(Extracted records)
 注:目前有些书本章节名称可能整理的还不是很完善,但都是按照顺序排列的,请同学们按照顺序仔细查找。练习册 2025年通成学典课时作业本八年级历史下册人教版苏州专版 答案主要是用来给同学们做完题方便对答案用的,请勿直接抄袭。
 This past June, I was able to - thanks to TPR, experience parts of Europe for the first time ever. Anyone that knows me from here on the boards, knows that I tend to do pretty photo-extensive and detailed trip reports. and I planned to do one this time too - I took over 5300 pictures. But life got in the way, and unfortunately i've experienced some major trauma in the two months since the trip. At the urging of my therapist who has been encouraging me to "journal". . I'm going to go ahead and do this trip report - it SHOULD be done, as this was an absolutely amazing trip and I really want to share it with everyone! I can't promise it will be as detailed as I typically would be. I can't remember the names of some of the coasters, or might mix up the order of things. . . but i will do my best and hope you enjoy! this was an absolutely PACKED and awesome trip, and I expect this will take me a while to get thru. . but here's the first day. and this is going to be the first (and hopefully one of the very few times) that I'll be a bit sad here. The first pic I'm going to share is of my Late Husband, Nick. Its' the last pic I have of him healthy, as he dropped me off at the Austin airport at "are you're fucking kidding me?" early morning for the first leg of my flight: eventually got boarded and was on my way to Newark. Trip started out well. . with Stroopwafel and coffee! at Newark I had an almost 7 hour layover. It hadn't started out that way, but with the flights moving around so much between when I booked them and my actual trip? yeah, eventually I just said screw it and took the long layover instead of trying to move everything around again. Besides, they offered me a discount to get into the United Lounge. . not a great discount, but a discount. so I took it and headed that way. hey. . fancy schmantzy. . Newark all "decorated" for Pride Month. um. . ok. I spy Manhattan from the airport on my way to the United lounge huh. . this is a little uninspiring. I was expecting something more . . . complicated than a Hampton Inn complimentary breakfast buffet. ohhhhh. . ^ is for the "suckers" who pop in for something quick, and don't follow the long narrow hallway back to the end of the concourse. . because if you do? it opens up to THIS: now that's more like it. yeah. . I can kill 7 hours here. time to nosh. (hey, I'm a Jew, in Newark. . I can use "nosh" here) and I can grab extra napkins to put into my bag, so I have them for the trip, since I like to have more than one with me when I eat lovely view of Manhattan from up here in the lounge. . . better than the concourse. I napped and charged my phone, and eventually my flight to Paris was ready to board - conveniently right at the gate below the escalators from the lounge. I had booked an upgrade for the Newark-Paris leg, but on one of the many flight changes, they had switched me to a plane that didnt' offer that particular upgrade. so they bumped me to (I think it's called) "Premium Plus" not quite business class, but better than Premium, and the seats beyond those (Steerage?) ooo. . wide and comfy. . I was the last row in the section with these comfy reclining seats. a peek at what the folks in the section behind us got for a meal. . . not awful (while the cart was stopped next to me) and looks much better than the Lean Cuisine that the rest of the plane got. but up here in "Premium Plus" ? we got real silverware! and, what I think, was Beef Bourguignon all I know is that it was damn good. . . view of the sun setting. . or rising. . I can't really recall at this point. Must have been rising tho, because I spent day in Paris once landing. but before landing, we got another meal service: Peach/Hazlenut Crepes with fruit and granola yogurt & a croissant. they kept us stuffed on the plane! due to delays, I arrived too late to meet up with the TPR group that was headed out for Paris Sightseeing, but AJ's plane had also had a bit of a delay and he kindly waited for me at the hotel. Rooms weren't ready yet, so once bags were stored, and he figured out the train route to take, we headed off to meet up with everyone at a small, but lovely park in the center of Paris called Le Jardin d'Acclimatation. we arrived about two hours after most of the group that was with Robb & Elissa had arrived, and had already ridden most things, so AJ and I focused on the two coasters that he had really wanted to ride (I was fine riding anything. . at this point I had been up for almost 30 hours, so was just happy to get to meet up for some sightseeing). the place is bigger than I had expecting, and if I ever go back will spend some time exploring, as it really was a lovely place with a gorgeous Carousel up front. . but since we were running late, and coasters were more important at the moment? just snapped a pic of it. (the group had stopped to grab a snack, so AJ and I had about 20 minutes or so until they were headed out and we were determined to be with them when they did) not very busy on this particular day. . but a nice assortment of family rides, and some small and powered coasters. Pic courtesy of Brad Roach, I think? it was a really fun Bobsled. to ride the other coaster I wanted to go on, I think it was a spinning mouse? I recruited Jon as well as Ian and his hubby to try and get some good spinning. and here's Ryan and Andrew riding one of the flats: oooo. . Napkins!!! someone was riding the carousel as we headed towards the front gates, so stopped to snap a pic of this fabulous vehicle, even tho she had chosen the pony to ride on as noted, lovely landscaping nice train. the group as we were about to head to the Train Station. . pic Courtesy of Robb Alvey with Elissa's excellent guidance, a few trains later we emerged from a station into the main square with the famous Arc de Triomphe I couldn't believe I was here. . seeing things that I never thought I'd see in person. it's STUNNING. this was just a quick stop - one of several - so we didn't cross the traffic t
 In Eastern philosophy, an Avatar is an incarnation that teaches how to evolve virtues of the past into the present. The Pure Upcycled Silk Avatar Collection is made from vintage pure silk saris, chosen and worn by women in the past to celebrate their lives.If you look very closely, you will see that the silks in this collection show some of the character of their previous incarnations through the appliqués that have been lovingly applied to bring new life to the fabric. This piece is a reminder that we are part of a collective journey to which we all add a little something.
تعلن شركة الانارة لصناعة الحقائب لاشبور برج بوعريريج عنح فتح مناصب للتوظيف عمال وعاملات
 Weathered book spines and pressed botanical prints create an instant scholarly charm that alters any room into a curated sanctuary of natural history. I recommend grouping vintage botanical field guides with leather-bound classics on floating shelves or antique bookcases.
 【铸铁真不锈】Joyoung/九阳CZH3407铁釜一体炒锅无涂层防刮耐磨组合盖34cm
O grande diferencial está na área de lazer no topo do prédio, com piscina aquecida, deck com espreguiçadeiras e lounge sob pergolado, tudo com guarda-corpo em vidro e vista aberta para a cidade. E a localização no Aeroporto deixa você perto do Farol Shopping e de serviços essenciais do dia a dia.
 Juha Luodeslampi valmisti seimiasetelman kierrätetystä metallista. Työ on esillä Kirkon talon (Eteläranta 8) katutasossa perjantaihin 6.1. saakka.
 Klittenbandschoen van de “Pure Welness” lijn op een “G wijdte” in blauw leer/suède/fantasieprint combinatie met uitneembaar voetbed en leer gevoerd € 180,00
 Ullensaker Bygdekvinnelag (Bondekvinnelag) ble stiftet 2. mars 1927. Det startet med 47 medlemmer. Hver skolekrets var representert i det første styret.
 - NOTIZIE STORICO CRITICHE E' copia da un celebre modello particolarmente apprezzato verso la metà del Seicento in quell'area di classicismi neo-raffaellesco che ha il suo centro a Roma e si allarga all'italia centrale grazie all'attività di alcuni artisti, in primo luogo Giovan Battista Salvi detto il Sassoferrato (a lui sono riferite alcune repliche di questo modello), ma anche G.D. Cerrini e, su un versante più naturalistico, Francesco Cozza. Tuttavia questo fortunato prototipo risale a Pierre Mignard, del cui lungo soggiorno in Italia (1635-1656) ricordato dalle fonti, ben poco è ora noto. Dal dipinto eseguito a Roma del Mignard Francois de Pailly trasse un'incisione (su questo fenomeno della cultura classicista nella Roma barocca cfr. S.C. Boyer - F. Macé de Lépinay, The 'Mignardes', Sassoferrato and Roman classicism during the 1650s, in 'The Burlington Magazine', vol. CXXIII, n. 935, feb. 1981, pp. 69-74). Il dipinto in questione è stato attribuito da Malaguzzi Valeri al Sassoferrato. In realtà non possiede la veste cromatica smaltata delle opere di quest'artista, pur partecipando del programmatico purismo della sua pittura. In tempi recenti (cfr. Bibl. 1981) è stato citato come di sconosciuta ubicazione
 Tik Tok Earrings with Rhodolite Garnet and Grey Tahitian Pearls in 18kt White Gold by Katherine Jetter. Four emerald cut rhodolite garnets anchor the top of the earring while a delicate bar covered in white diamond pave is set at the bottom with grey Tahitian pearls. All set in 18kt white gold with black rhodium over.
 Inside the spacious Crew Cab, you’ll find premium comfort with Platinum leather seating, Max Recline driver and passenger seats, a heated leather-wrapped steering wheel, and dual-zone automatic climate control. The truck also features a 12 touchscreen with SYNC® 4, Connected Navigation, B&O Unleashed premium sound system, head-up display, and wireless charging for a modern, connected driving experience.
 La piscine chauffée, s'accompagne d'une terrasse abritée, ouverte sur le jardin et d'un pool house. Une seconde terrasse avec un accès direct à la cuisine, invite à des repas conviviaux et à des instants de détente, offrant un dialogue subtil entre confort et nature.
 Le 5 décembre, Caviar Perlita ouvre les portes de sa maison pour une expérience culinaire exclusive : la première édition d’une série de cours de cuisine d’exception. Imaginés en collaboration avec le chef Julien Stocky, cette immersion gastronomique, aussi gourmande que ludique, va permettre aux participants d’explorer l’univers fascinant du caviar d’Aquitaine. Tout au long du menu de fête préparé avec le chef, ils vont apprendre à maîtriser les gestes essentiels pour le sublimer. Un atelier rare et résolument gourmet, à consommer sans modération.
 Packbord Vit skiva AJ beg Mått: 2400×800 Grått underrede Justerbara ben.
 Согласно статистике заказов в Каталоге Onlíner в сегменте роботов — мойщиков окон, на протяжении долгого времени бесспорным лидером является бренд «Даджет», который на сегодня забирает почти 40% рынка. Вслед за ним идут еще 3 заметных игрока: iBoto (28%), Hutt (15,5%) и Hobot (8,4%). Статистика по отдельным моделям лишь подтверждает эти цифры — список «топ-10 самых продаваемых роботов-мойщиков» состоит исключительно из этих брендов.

- [TASK ITEM]
What are the lines, exactly as written above, from the line with "In Eastern philosophy, an" to the line with "تعلن شركة الانارة", both included? Output only those.

- [RESULT FOR THIS TASK]
 In Eastern philosophy, an Avatar is an incarnation that teaches how to evolve virtues of the past into the present. The Pure Upcycled Silk Avatar Collection is made from vintage pure silk saris, chosen and worn by women in the past to celebrate their lives.If you look very closely, you will see that the silks in this collection show some of the character of their previous incarnations through the appliqués that have been lovingly applied to bring new life to the fabric. This piece is a reminder that we are part of a collective journey to which we all add a little something.
تعلن شركة الانارة لصناعة الحقائب لاشبور برج بوعريريج عنح فتح مناصب للتوظيف عمال وعاملات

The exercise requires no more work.